Indeed, in a 2003 survey of women in California,
only one in four knew the difference between
RU-486 and E.C.
"The emergency contraception debate has
been in the news a lot lately," notes
Worthington, and "it got me thinking of
the need for more resources like [NRFC]."
Worthington, who also maintains an anti-contraception
blog called the Revolution, says that she hopes
to educate young people on the detrimental
effects of contraception, and also give older
women who have used birth control a forum to
talk about how it harmed their marriages. (A
section on the site, "Testimonies,"
so far offers two personal stories, reprinted
from the Priests for Life Web site. In both,
the writers tell of the grief they felt when
they discovered the "truth" about
how the birth-control pills they were taking
caused abortions.)
Worthington and other anti-choice activists simply
don't distinguish between E.C. and abortion.
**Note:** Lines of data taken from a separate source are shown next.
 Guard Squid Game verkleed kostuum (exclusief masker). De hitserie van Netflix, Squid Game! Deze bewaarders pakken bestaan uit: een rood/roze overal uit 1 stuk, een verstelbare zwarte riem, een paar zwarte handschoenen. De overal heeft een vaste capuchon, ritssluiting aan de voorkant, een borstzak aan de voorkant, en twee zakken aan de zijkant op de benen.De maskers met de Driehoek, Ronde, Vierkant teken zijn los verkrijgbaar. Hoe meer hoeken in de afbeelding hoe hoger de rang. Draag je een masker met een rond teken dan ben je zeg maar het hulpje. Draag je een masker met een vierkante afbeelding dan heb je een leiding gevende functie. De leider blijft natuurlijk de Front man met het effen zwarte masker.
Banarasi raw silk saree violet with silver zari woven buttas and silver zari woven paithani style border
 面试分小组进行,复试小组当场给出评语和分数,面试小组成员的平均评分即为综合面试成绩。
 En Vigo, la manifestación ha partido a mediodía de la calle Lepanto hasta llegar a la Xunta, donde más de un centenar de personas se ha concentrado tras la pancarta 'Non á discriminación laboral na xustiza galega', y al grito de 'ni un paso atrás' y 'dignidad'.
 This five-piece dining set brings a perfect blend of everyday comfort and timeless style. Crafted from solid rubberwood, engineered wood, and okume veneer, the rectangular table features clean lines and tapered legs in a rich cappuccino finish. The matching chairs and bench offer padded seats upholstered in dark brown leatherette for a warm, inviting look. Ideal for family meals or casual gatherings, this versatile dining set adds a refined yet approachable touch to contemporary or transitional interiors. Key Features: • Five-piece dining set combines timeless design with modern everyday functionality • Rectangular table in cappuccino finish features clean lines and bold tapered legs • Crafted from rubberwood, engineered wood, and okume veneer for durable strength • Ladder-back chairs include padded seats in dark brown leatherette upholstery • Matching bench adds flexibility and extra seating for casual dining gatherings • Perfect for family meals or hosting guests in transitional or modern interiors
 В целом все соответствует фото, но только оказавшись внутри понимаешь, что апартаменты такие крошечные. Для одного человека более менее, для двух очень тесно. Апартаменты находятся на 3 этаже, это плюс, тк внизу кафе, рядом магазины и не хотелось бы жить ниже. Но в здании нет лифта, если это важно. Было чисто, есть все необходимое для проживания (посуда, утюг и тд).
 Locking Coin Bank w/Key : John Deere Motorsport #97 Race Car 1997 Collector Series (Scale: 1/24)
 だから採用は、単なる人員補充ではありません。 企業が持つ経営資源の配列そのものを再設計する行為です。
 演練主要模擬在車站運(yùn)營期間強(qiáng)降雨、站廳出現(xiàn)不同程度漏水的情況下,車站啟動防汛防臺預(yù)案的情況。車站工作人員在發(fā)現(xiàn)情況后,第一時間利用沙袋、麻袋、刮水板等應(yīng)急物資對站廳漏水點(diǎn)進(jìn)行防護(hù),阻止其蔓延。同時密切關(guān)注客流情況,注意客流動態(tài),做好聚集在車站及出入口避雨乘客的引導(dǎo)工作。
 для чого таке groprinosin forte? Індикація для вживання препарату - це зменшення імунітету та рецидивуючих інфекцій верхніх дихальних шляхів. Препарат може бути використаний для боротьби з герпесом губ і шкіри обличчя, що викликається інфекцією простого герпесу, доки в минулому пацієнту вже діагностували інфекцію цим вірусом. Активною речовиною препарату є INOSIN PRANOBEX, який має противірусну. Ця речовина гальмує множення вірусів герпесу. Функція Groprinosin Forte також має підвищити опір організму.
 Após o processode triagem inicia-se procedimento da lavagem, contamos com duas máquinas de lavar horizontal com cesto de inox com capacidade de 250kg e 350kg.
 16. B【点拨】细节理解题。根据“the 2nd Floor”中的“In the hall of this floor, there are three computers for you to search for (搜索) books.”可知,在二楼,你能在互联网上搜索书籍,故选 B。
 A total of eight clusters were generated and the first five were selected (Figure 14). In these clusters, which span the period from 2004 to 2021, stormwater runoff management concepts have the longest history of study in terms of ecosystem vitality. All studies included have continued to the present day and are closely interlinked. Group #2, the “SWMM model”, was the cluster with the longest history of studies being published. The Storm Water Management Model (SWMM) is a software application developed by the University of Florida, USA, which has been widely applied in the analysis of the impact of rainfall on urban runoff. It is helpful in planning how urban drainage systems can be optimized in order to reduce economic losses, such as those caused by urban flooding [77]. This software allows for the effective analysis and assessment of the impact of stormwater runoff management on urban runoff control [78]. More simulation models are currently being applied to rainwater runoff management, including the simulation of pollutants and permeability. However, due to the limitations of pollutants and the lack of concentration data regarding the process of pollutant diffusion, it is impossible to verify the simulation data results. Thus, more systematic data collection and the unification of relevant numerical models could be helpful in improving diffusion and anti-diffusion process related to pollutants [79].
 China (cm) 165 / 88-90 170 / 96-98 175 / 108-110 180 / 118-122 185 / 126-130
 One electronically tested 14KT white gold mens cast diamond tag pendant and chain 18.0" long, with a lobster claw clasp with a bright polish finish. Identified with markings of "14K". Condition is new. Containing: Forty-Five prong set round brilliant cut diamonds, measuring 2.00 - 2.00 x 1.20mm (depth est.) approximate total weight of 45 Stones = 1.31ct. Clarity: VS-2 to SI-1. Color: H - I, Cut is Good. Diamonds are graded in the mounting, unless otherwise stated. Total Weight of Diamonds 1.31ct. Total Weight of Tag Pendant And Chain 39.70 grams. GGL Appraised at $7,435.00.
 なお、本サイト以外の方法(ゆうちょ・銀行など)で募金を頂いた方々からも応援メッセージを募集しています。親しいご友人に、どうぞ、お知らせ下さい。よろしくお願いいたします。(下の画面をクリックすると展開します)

"Contraception is an abortifacient,"
she says. "Look at the package insert
for Plan B. It says it can act to alter the
endometrial lining and prevent implantation.
It's not technically an abortion, because pregnancy
has been redefined to mean 'after implantation,'
but it's still taking the life of a human."
But there is no proof that Plan B prevents
a fertilized egg from implanting in the uterus;
in fact, it's scientifically unknowable, because
it's scientifically unknowable if an egg is
even fertilized until it implants in the uterus.
The American Medical Association defines pregnancy
as the moment when implantation occurs; even
if Plan B did prevent implantation, it still
wouldn't be ending a medically defined pregnancy.
"The anti-choice movement," says Feldt,
"completely ignoring scientific fact,
is attempting to redefine pregnancy as the
moment of conception, the moment when sperm
and egg meet. At the root of that is the attempt
to get the fertilized egg more status than
a woman."
And as Page points out, once a fertilized egg
is considered a human life, it's just a hop
from there to concluding that the standard
birth-control pill is an abortifacient, too.
"Basically, it's the same pharmacology,"
she says, "so if you're against emergency
contraception and you're lending validity to
the argument that it's abortion, you're saying
exactly the same thing about the birth-control
pill. If somebody out there thinks Plan B is
abortion, they think the birth-control pill
is abortion." And there's proof that this
argument is working: Some pharmacists and even
physicians are not just denying patients E.C.,
they're also refusing to dispense the pill.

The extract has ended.